#### Exercise objective:
Write out the entries below exactly, but only from the line containing "Ваш любимый пижамный" through the line containing "View All ArtworksA", and without the pictures.

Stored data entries

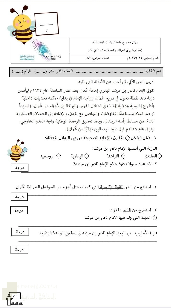 12. هذا وطني, الفصل الأول, 2025/2026, سؤال قصير نموذج رابع حول درس عمان في عصر اليعاربة قوة وازدهار
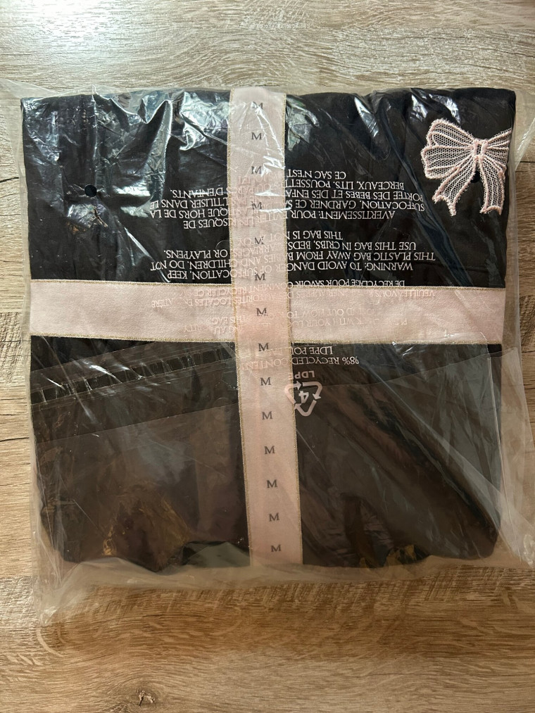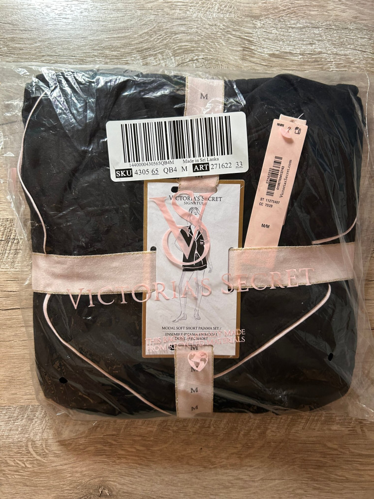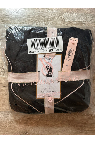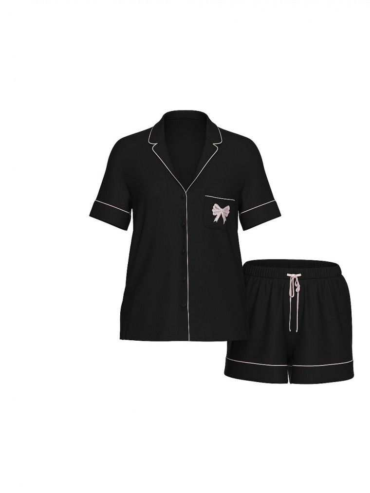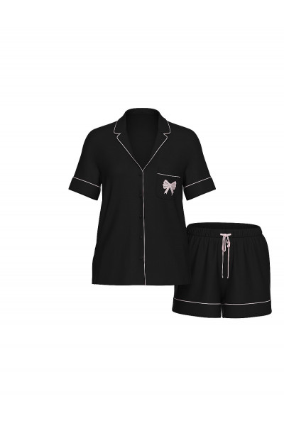 Ваш любимый пижамный комплект из модала? Мы украшаем его бантом. Эти пижамы от Виктория Сикрет не только мягкие, но и облегающие и невероятно лёгкие, обеспечивающие комфорт в любое время года. Украшены кружевным бантом на кармане. Цвет пижамы: черная, с окантовкой и бантиком.
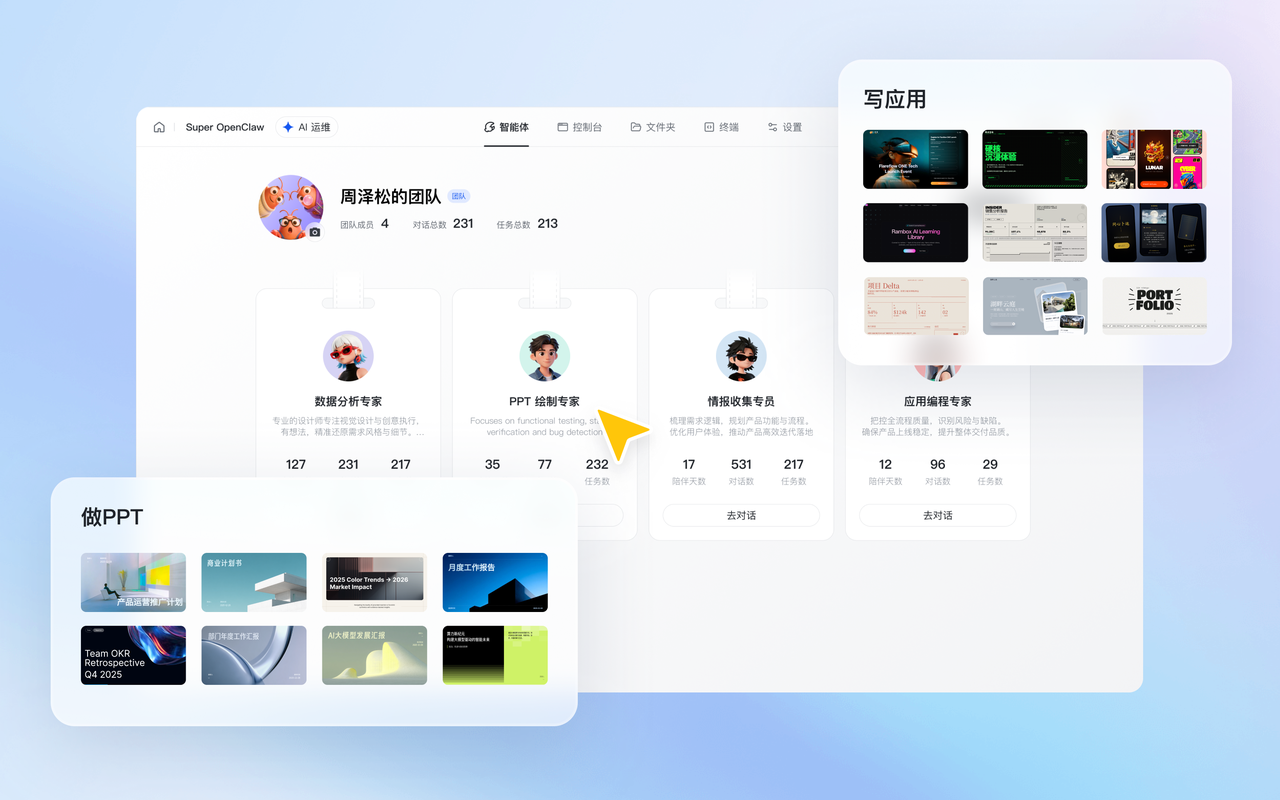 第三步:体验多智能体协作。 尝试发布一个复杂任务,如「帮我写一篇关于XX主题的2000字文章,要求包含调研数据、案例分析和建议」。观察运营主管如何拆解任务、调研专员如何搜集资料、写作专员如何产出初稿、审核专员如何把控质量——全程自动完成,你只需等待结果。
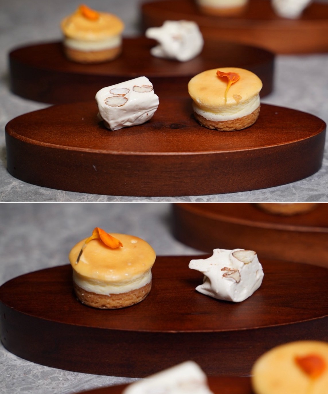 另一道是與台中知名「米提爾」聯名推出的甜點,牛軋糖及乳酪酥,整體甜度剛剛好。
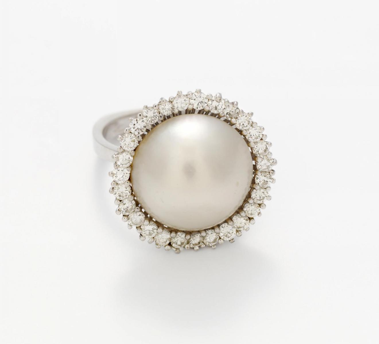 585/- Weißgold, gestempelt, Gewicht: 8,1g. EU-RM: 55,5. 27 Brillanten, 1 Mabé-Zuchtperl-Button, creme-irisierendes rosé, D. ca. 16mm.
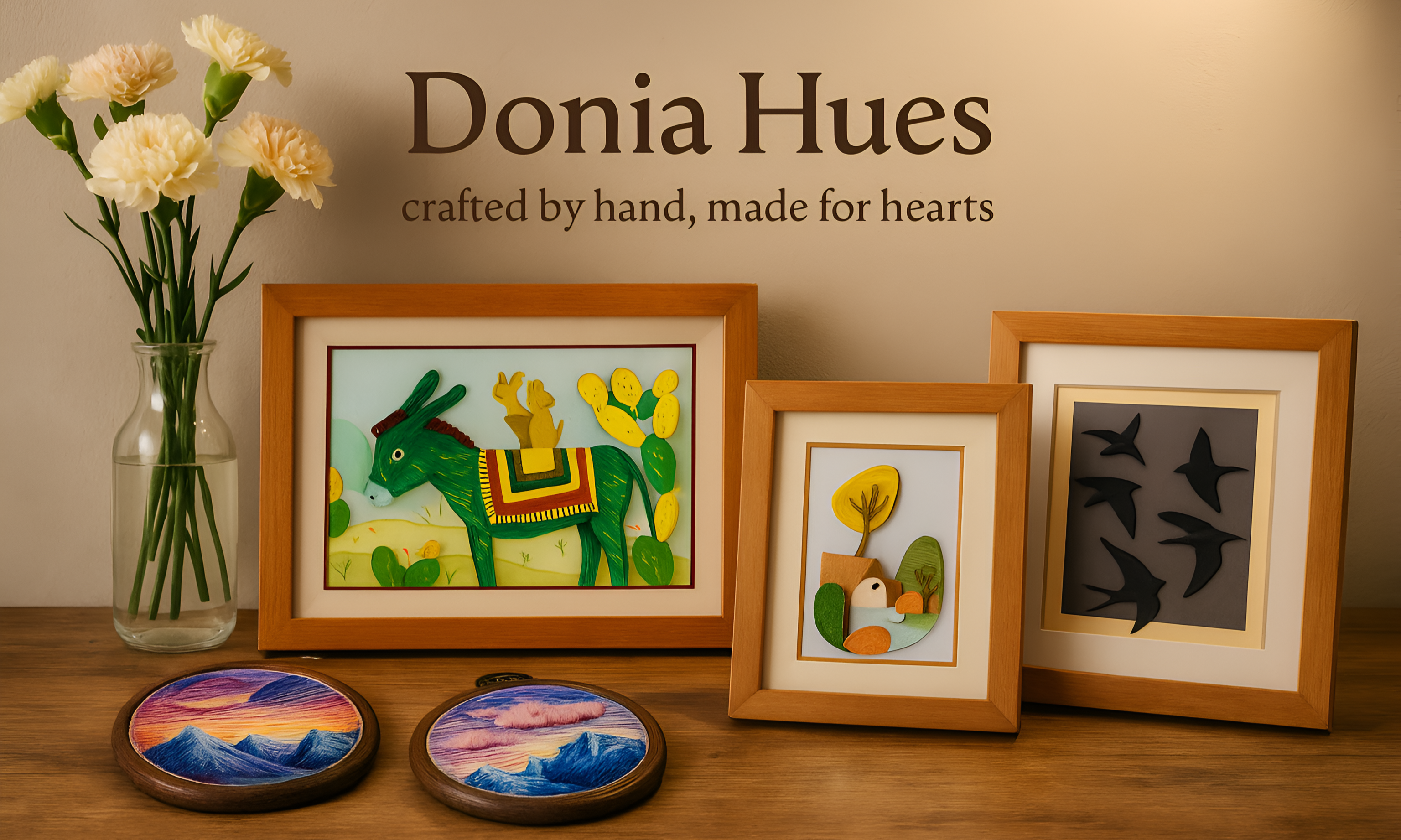 View All ArtworksA curated collection of handmade pieces — featuring Donia Hues originals and works by talented guest artists. Each piece is unique, crafted with care and creativity.
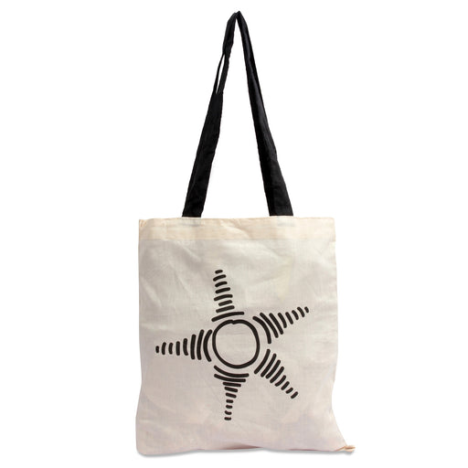 Description Go natural with this environment friendly cotton bag. In front, it has stylish though simple black print of pentagon. It has one main c...
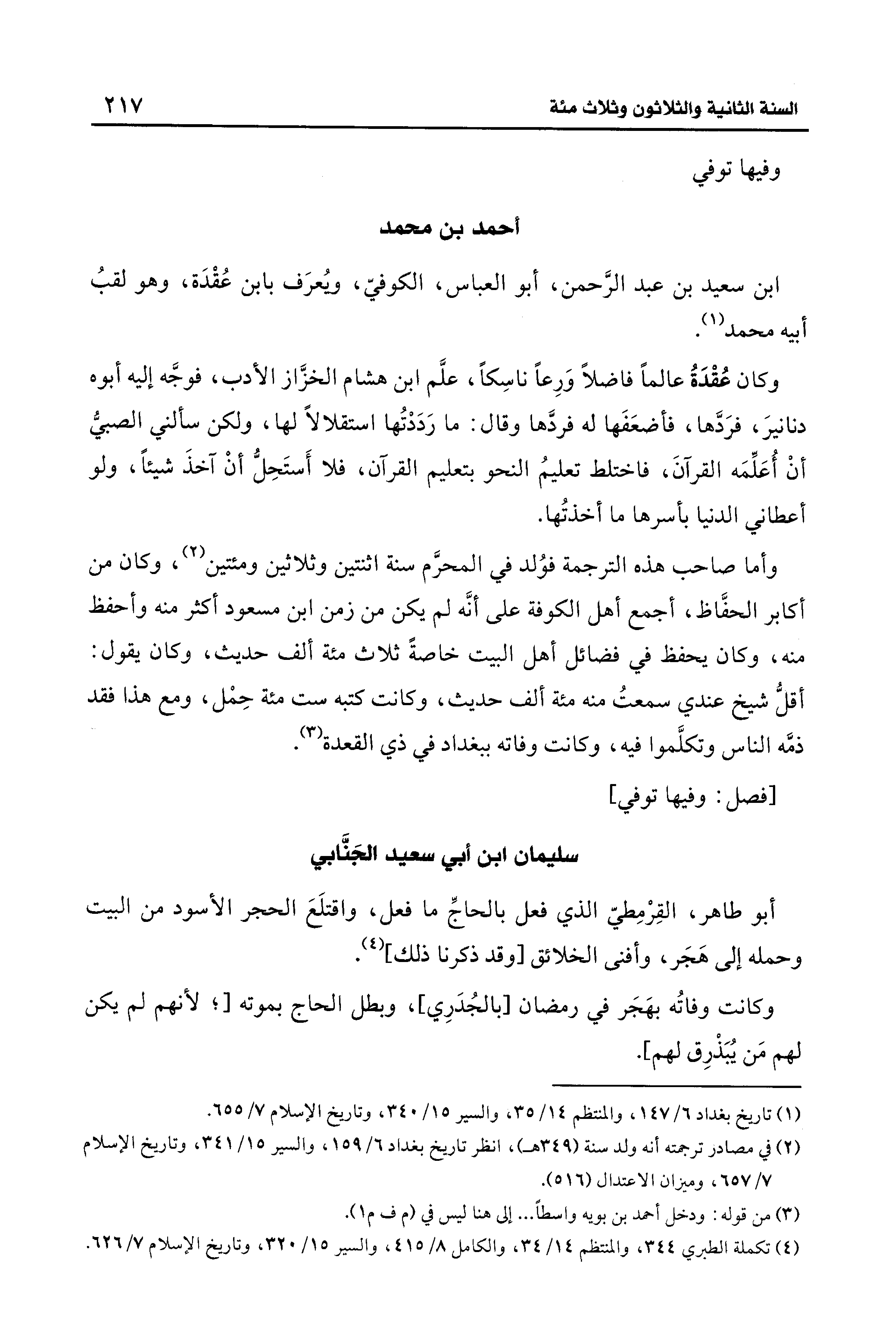 (¬4) تكملة الطبري 344، والمنتظم 14/ 34، والكامل 8/ 415، والسير 15/ 320، وتاريخ الإسلام 7/ 626.
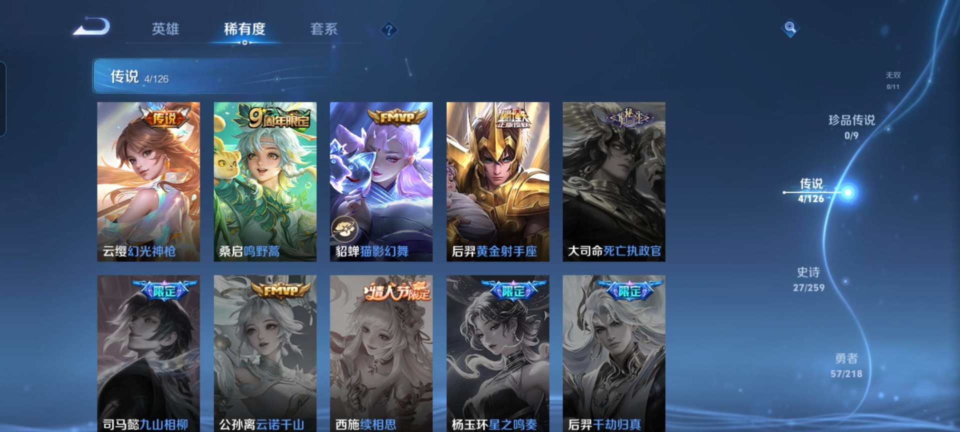 v5 4传说 109英雄 111皮肤 可修改实名 优质装备:黄金射手座猫影幻舞 传说皮:幻光神呛 珍宝阁皮:优雅恋人 限定皮:鸣野蒿至尊宝遇见飞天五谷丰年李小龙 史诗皮:遇见神鹿紫霞仙子偶像歌手时之恋人-孙尚香节奏热浪女仆咖啡水果甜心心灵骇客德古拉伯爵纤云弄巧繁星吟游

#### Solution below:
 Ваш любимый пижамный комплект из модала? Мы украшаем его бантом. Эти пижамы от Виктория Сикрет не только мягкие, но и облегающие и невероятно лёгкие, обеспечивающие комфорт в любое время года. Украшены кружевным бантом на кармане. Цвет пижамы: черная, с окантовкой и бантиком.
 第三步:体验多智能体协作。 尝试发布一个复杂任务,如「帮我写一篇关于XX主题的2000字文章,要求包含调研数据、案例分析和建议」。观察运营主管如何拆解任务、调研专员如何搜集资料、写作专员如何产出初稿、审核专员如何把控质量——全程自动完成,你只需等待结果。
 另一道是與台中知名「米提爾」聯名推出的甜點,牛軋糖及乳酪酥,整體甜度剛剛好。
 585/- Weißgold, gestempelt, Gewicht: 8,1g. EU-RM: 55,5. 27 Brillanten, 1 Mabé-Zuchtperl-Button, creme-irisierendes rosé, D. ca. 16mm.
 View All ArtworksA curated collection of handmade pieces — featuring Donia Hues originals and works by talented guest artists. Each piece is unique, crafted with care and creativity.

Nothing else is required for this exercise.